= Empress Dowager Chinu =

Empress Dowager Chinu (叱奴太后, personal name unknown) (died 19 April 574), formally Empress Xuan (宣皇后, literally "the responsible empress"), was an empress dowager of the Xianbei-led Chinese Northern Zhou dynasty. She was the mother of Emperor Wu (Yuwen Yong).

She was ethnically Xianbei, and she was a concubine of the Western Wei paramount general Yuwen Tai. Empress Dowager and Yuwen Tai had two sons, Yuwen Yong and Yuwen Zhi (宇文直). After Yuwen Yong became emperor of Northern Zhou in May 560, he did not immediately honor her as empress dowager, but did so on 3 July 567.

The extent of Empress Dowager Chinu's influence on political matters is unclear, but she became a passive participant in Emperor Wu's plot to remove his cousin Yuwen Hu, who controlled the political scene and who had killed both of his predecessors—his brothers – Emperor Xiaomin and Emperor Ming. In 572, after a conference with Yuwen Hu, Emperor Wu invited Yuwen Hu inside the palace to meet with Empress Dowager Chinu – something that Yuwen Hu did on a regular basis. On the way, he told Yuwen Hu that Empress Dowager Chinu was having problem with alcoholism and not listening to his advice to stop her drinking, so he wanted Yuwen Hu to advise her to change her ways as well. He further gave Yuwen Hu the text of the Jiu Gao (酒誥) – an anti-alcoholism declaration written by King Cheng of Zhou – and suggested that he read the Jiu Gao to Empress Dowager Chinu. Once they reached her palace, Yuwen Hu, pursuant to Emperor Wu's request, started reading the Jiu Gao. Before he could finish it, Emperor Wu stepped behind him and used a jade tablet to strike the back of his head.

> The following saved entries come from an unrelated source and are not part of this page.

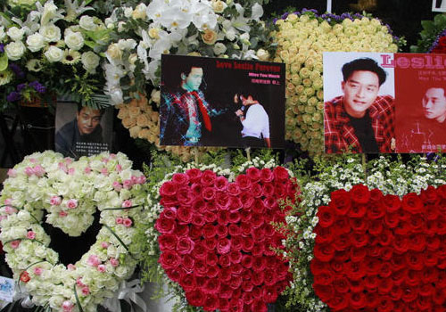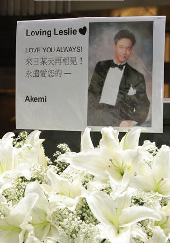 文華酒店外有數(shù)個(gè)心型花圈都是由忠實(shí)哥迷所贈(zèng),并在花牌上寫下點(diǎn)滴思念字句,吸引不少市民和游客圍觀,而一些專程由海外來(lái)港的哥迷在故地悼念偶像時(shí),亦忍不住淚灑當(dāng)場(chǎng)。
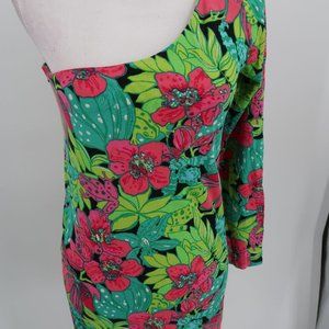 Lilly Pulitzer One Shoulder Floral Bodycon Dress Size Large
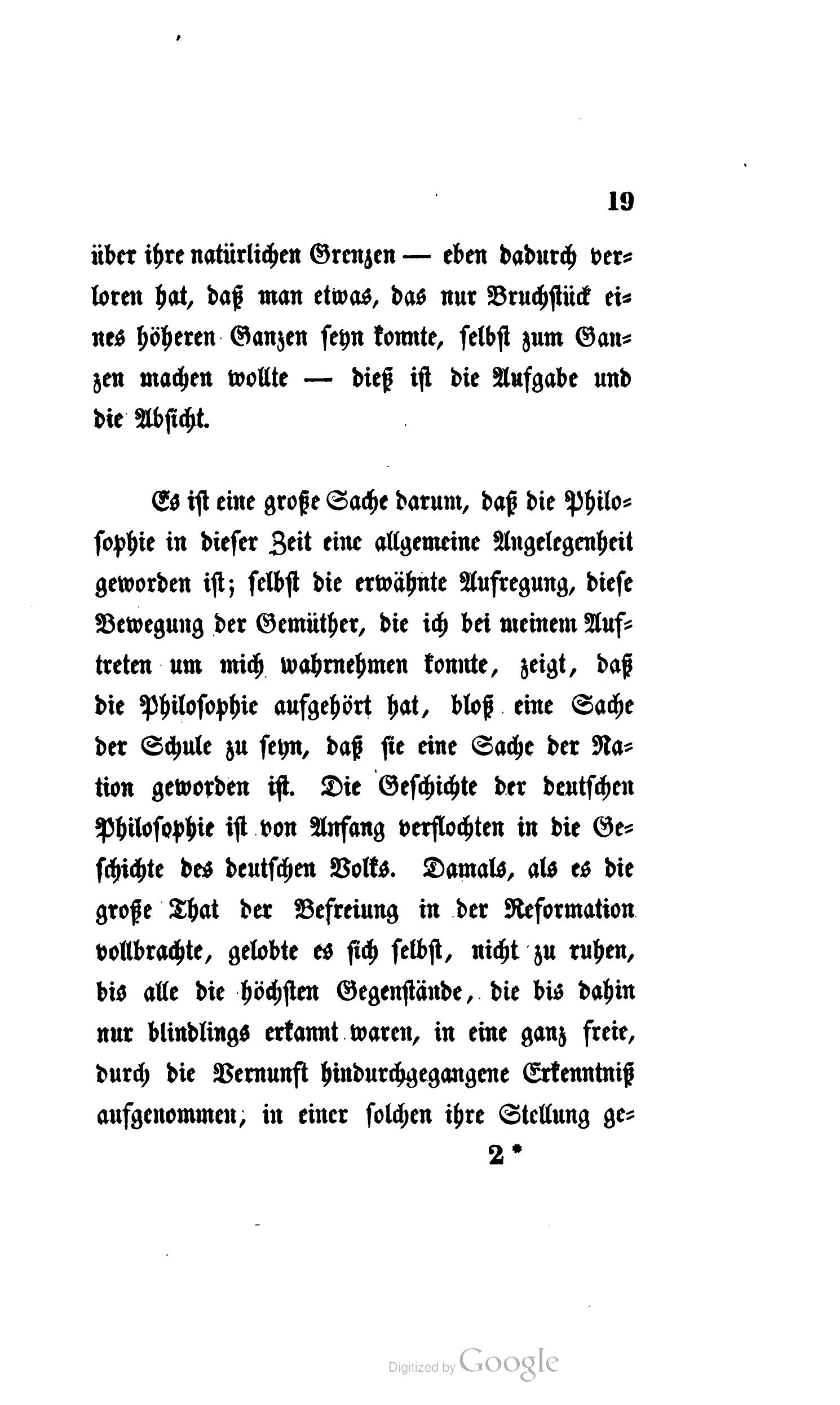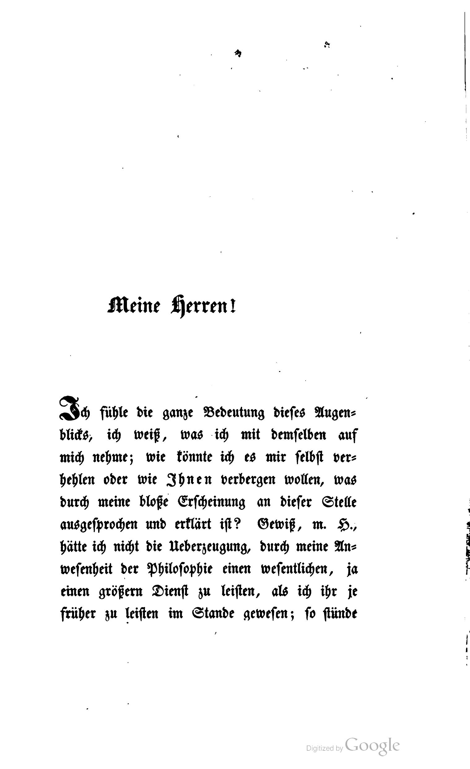 Es ist eine große Sache darum, daß die Philosophie in dieser Zeit eine allgemeine Angelegenheit geworden ist; selbst die erwähnte Aufregung, diese Bewegung der Gemüther, die ich bei meinem Auftreten um mich wahrnehmen konnte, zeigt, daß die Philosophie aufgehört hat, bloß eine Sache der Schule zu seyn, daß sie eine Sache der Nation geworden ist. Die Geschichte der deutschen Philosophie ist von Anfang verflochten in die Geschichte des deutschen Volks. Damals, als es die große That der Befreiung in der Reformation vollbrachte, gelobte es sich selbst, nicht zu ruhen, bis alle die höchsten Gegenstände, die bis dahin nur blindlings erkannt waren, in eine ganz freie, durch die Vernunft hindurchgegangene Erkenntniß aufgenommen, in einer solchen ihre Stellung gefunden hätten. In der Zeit der tiefsten Erniedrigung hielt Philosophie den Deutschen aufrecht, über den Trümmern untergegangener Herrlichkeit hielten Männer von Kraft das Panier deutscher Wissenschaft hoch empor, um das die beste Jugend sich sammelte. In den Schulen der Philosophen – wer gedenkt hier nicht Fichte's, wer nicht zugleich Schleiermacher's? – fanden manche die Entschlossenheit, in den Kämpfen um Philosophie den Muth und die Besonnenheit, die sich nachher auf ganz andern Schlachtfeldern erprobte. – Auch später noch blieb Philosophie der Deutschen Ruhm und Erbtheil. Sollte nun diese lange ruhmvolle Bewegung mit einem schmählichen Schiffbruch enden, mit Zerstörung aller großen Ueberzeugungen und somit der Philosophie selbst? Nimmermehr! Weil ich ein Deutscher bin, weil ich alles Weh und Leid wie alles Glück und Wohl Deutschlands in meinem Herzen mitgetragen und mitempfunden, darum bin ich hier: denn das Heil der Deutschen ist in der Wissenschaft.

Yuwen Hu fell to the ground, and Yuwen Zhi, who was hiding nearby, jumped out, and cut off Yuwen Hu's head, ending Yuwen Hu's hold on power.

Empress Dowager Chinu died in April 574. She was buried with honors due an empress, but not with Yuwen Tai, who was already buried with his wife Princess Fengyi (mother of Emperor Xiaomin and sister of Emperor Xiaowu of Northern Wei).